Build Date: 12 February 2007

        Before reporting problems, check http://wiki.x.org

        to make sure that you have the latest version.

Module Loader present

Markers: (--) probed, (**) from config file, (==) default setting,

        (++) from command line, (!!) notice, (II) informational,

        (WW) warning, (EE) error, (NI) not implemented, (??) unknown.

(==) Log file: "/var/log/Xorg.0.log", Time: Thu Feb 15 21:28:06 2007

(==) Using config file: "/etc/X11/xorg.conf"

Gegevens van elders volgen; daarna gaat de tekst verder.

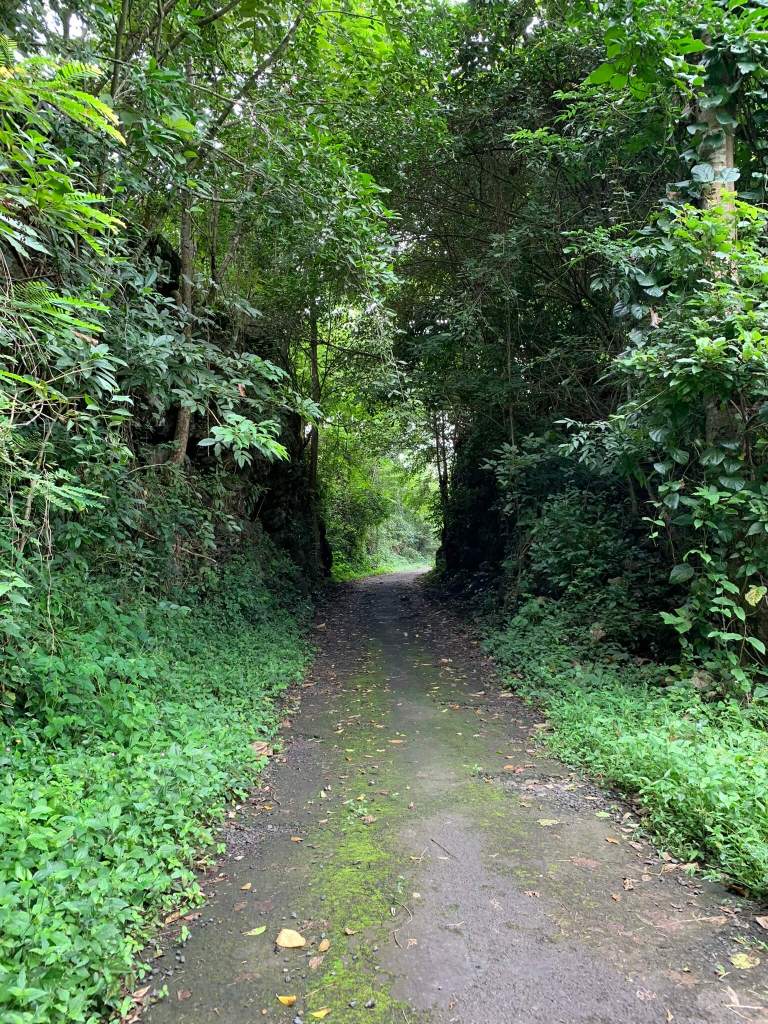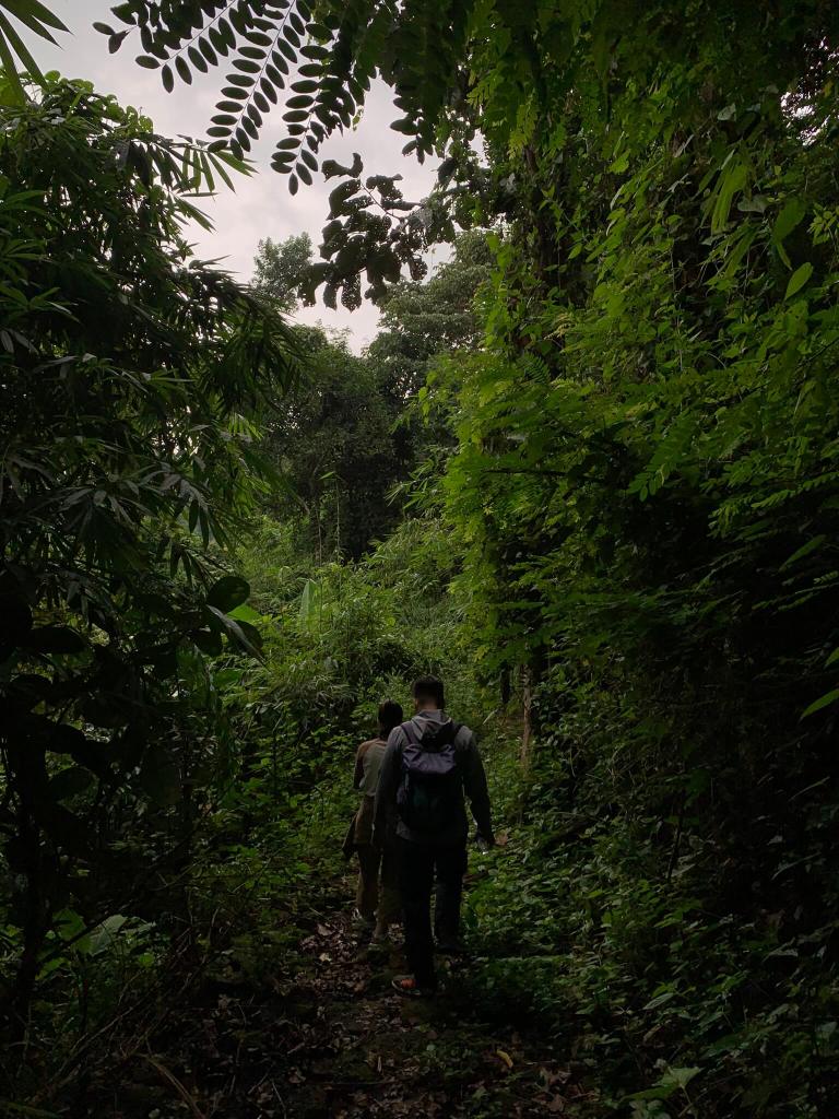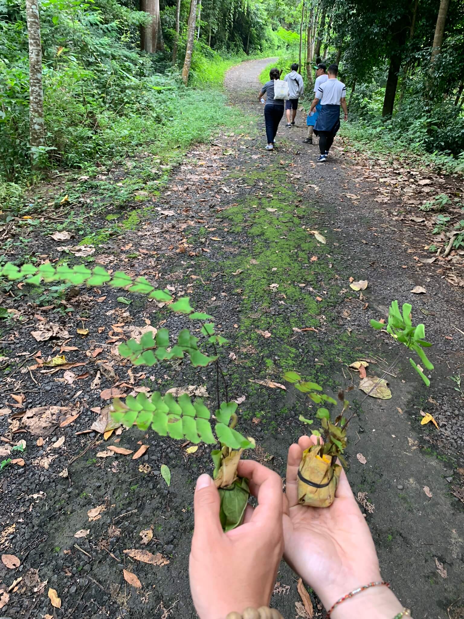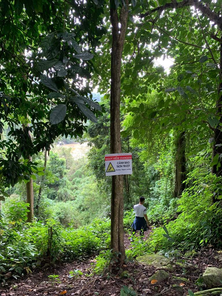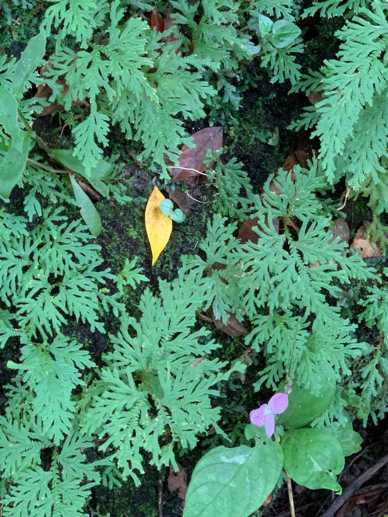 Đường mòn nhỏ, ánh sáng không rơi xuống nổi, trời cũng lại đang muốn rơi nước mắt. Hai bên đường dương xỉ, cây cỏ mọc rất đẹp, rễ tụi nó bám chặt vào đám đá cứng ngắt không hiểu dinh dưỡng ở đâu mà vẫn xanh tốt, mình và 2 người bạn tập trung hái cây mang về nhà nên bị bỏ lại tít đằng sau so với nhóm đi xuống tham quan thác Lụa.
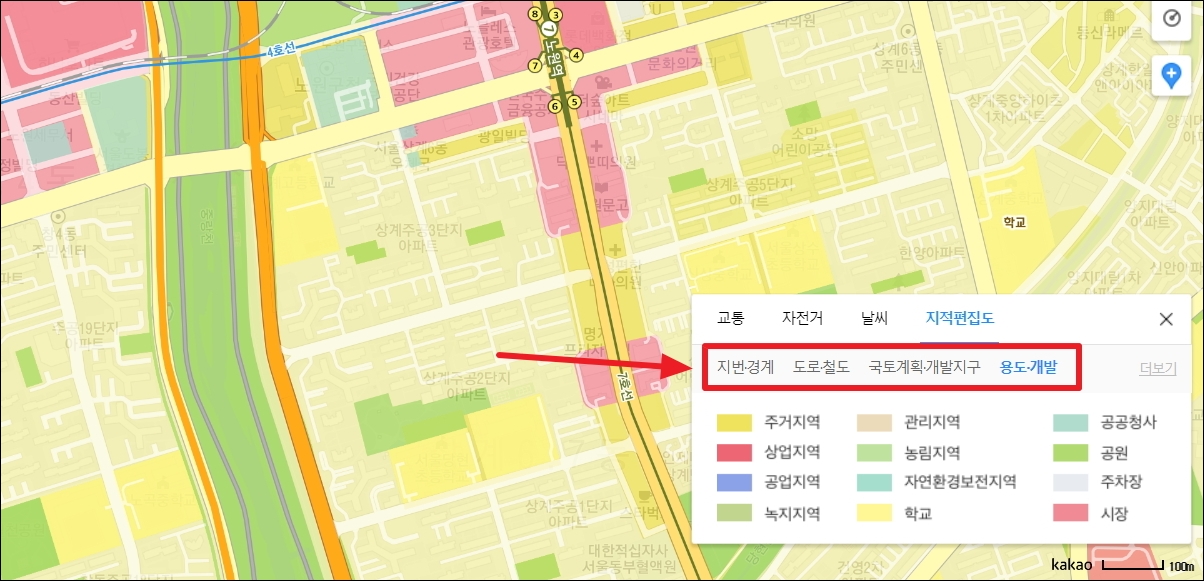 ▼해당 사이트에서는 지번과 경계, 도로와 철도, 국토계획 및 개발지구, 용도와 개발 정보를 파악할 수 있는 지적도 서비스를 제공하고 있습니다. 이를 통해 주거지역, 상업지역, 공업지역, 녹지지역, 관리지역, 농림지역 등을 지도에서 바로 확인이 가능합니다.
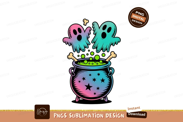 Pink Teal Ghosts Brew Potion halloween cauldron example image 1
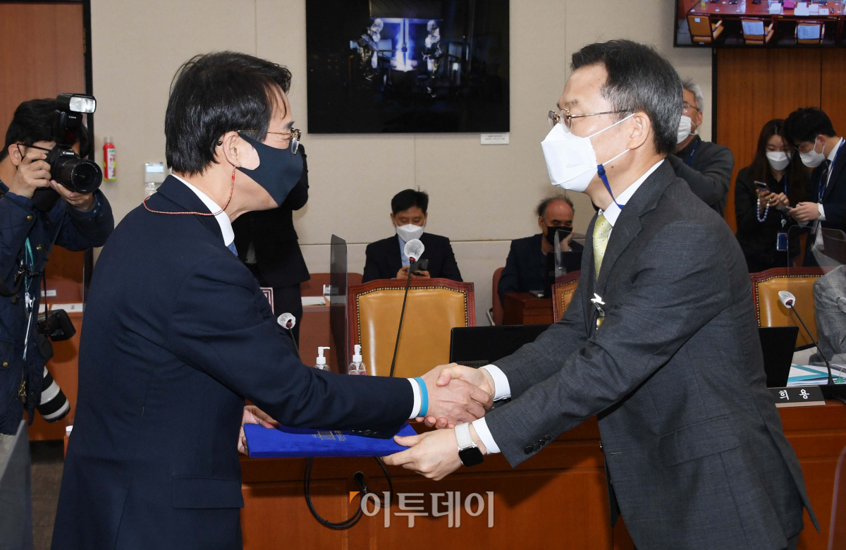 이종호 과학기술정보통신부 장관 후보자가 3일 국회 과방위에서 열린 인사청문회에서 선서문을 이원욱 과방위원장에게 제출 하고 있다.
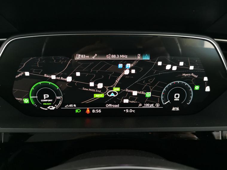 Experience the sophisticated Audi e-tron SUV in stylish grey, fitted with eye-catching 20in alloy wheels. Enjoy advanced tech like MMI Navigation Plus, Audi Virtual Cockpit, and seamless Apple CarPlay. Sink into heated leather seats, with electric and driver memory adjustment for personalised comfort. Keyless entry and a reversing camera make every journey effortless, while LED headlights and adjustable suspension add confidence and comfort. Stay safe with lane departure warning, cruise control, and effortless Bluetooth audio streaming. 2 services recorded, last serviced on 17/12/2025 at 9, 086 miles. MOT to 18/11/2026. Visit our website for service history, online valuation, full vehicle specification plus multiple images. Certain features listed may be available via subscription packages at extra costs, please consult with Audi for details. This vehicle is VAT qualifying. Any feature/option specified here is from 3rd party data. We cannot guarantee the accuracy of any specification supplied by a 3rd party. We recommend that you physically check the specification of the vehicle on site prior to purchase. This information does not form part of the buying contract. Terms & Conditions apply. We have over 2, 000 cars available from our 10 national branches, check our website to see all our stock. Our Trustpilot rating is 4.4/5 with over 9, 000 reviews.
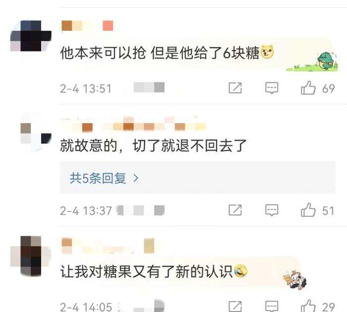 但这番说法并不能让网友接受:“卖切糕转行的?”“这妥妥的‘刺客’呀!”“他本来可以抢,但是他给了6块糖。”
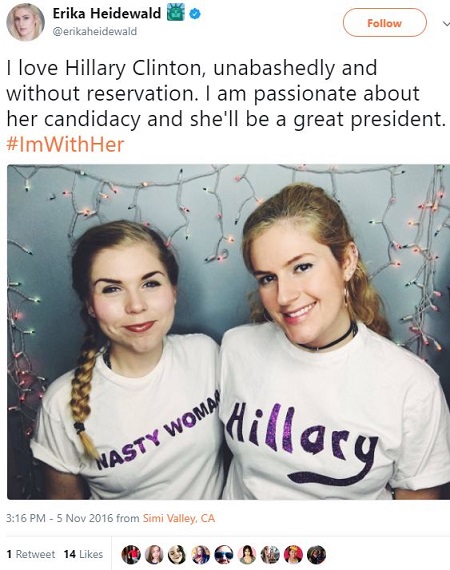 Erika Heidewald is a German-born lesbian feminist and Democrat Party activist who hates capitalism, Christianity and white males, not necessarily in that order. Before last year’s election, Ms. Heidewald was busy with her immigrant girlfriend Frida on YouTube promoting homosexuality and also, of course, campaigning for Hillary Clinton.
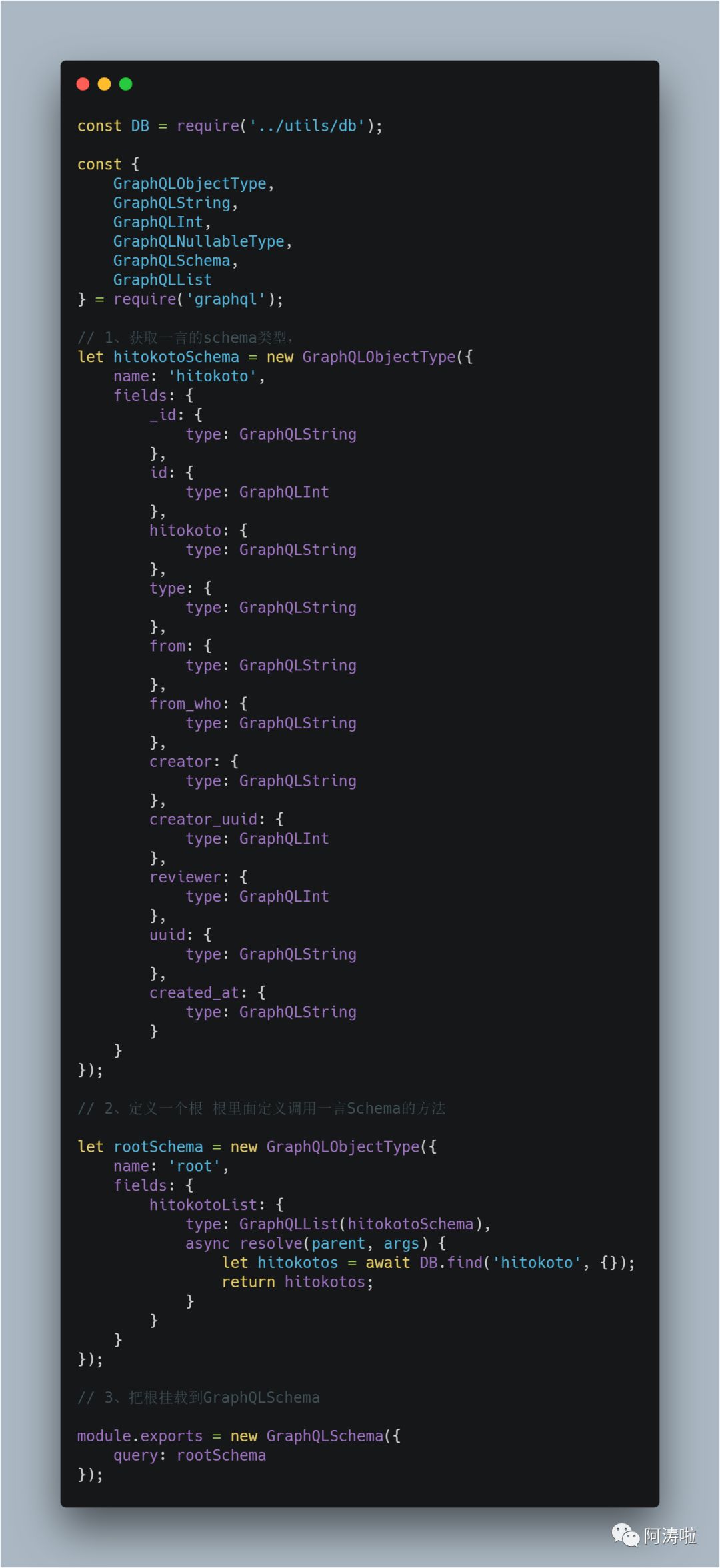 这里我们引入封装的DB工具模块,然后引入相应的graphql模块类型,然后我们还是和楼上一样创建一个一言的Schema,唯一不同的是我们不是用buildSchema,然后定义一个根,这里根楼上不一样的是,它这边会有多条数据所以放到GraphQLList里面,异步的话Promise,fun*,async你随便吧,我这里选择async,最后给它输出出去。

(EE) Failed to load module "vga" (module does not exist, 0)

(EE) Failed to load module "mouse" (module does not exist, 0)

(EE) Failed to load module "kbd" (module does not exist, 0)

(EE) No drivers available.

Fatal server error:

no screens found

XIO:  fatal IO error 104 (Connection reset by peer) on X server ":0.0"

      after 0 requests (0 known processed) with 0 events remaining.

Hier kom ik niet verder,  lijkt erop dat dat er geen modules en/of drivers worden gevonden

en dat klopt want de /usr/lib/modules is leeg.

Kan iemand me aangeven wat er hier fout is ?

Bij voorbaat dank.

Peter

----------

## polle

zet dit in /etc/make.conf:

INPUT_DEVICES="keyboard mouse"

reemerge xorg

nog problemen, post dan hier je xorg.conf

----------

## Bo

Polle,

Bedankt voor je advies. startx doet het nu.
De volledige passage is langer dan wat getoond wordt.